I was a little confused by the answer above, hence I'll give it another shot. I think the question is not actually about 'classical' linear regression but about the style of that particular source. On the classical regression part:
However, the linearity assumption by itself does not put any structure on our model
That is absolutely correct. As you have stated, $\epsilon$ might as well kill the linear relation and add up something completely independent from $X$ so that we cannot compute any model at all.
Is Greene being sloppy?

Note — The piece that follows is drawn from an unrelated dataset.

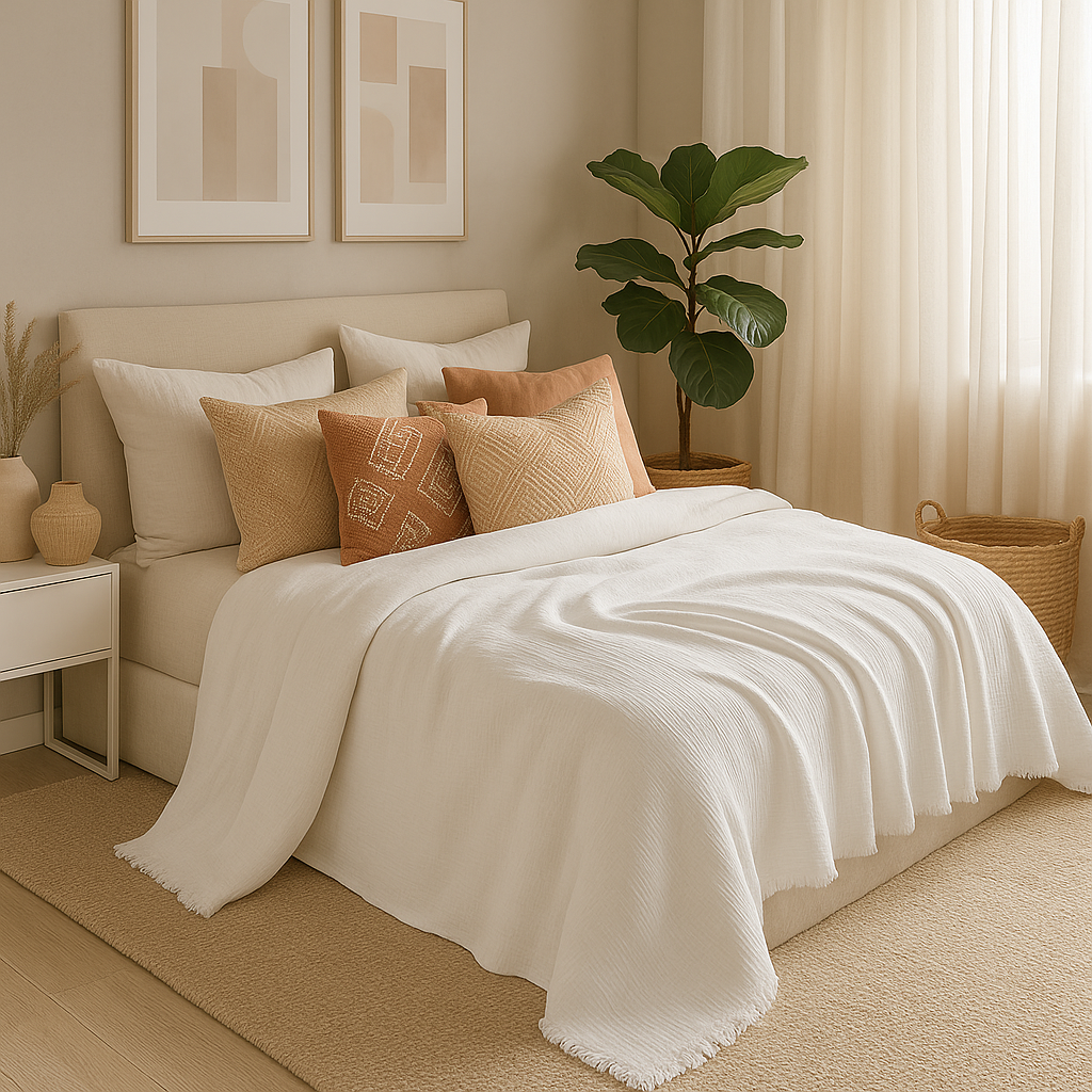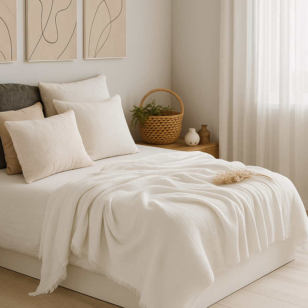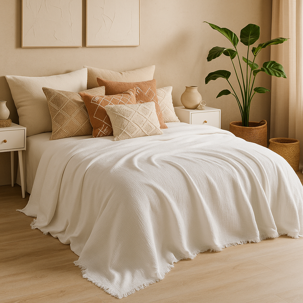 Beyaz müslin örtü, doğadan ilham alan sade ev stillerinin tamamlayıcısıdır. Boho, minimalist veya country tarzı fark etmeksizin, bulunduğu her ortama ferahlık ve zarafet katar.

Should he actually have written: $E(y|X)=Xβ$
I do not want to answer the first question but let me sum up the assumptions you need for usual linear regression:
Let us assume that you observe (you are given) data points $x_i \in \mathbb{R}^d$ and $y_i \in \mathbb{R}$ for $i=1,...,n$. You need to assume that the data $(x_i, y_i)$ you have observed comes from independently, identically distributed random variables $(X_i, Y_i)$ such that ...
There exists a fixed (independent of $i$) $\beta \in \mathbb{R}^d$ such that $Y_i = \beta X_i + \epsilon_i$ for all $i$ and the random variables $\epsilon_i$ are such that
The $\epsilon_i$ are iid as well and $\epsilon_i$ is distributed as $\mathcal{N}(0, \sigma)$ ($\sigma$ must be independent of $i$ as well)
For $X = (X_1, ..., X_n)$ and $Y = (Y_1, ..., Y_n)$ the variables $X, Y$ have a common density, i.e. the single random variable $(X, Y)$ has a density $f_{X,Y}$
Now you can run down the usual path and compute
$$f_{Y|X}(y|x) = f_{Y,X}(y,x)/f_X(x) = \left(\frac{1}{\sqrt{2\pi d}}\right)^n \exp{\left( \frac{-\sum_{i=1}^n (y_i - \beta x_i)^2}{2\sigma}\right)} $$
so that by the usual 'duality' between machine learning (minimalization of error functions) and probability theory (maximization of likelihoods) you maximize $-\log f_{Y|X}(y|x)$ in $\beta$ which in fact, gives you the usual "RMSE" stuff.
Now as stated: If the author of the book you are quoting wants to make this point (which you have to do if you ever want to be able to compute the 'best possible' regression line in the basic setup) then yes, he must make this assumption on the normalicity of the $\epsilon$ somewhere in the book.
There are different possibilities now:
He does not write this assumption down in the book. Then it is an error in the book.
He does write it down in form of a 'global' remark like 'whenever I write $+ \epsilon$ then the $\epsilon$ are iid normally distributed with mean zero unless stated otherwise'. Then IMHO it is bad style because it causes exactly the confusion that you feel right now. That is why I tend to write the assumptions in some shortened form in every Theorem. Only then every building block can be viewed cleanly in its own right.
- He does write it down closely to the part you are quoting and you/we just did not notice it (also a possibility :-))
However, also in a strict mathematical sense, the normal error is something canonical (the distribution with the highest entropy [once the variance is fixed], hence, producing the strongest models) so that some authors tend to skip this assumption but use in nontheless. Formally, you are absolutely right: They are using mathematics in the "wrong way".
Whenever they want to come up with the equation for the density $f_{Y|X}$ as stated above then they need to know $\epsilon$ pretty well, otherwise you just have properties of it flying around in every senseful equation that you try to write down.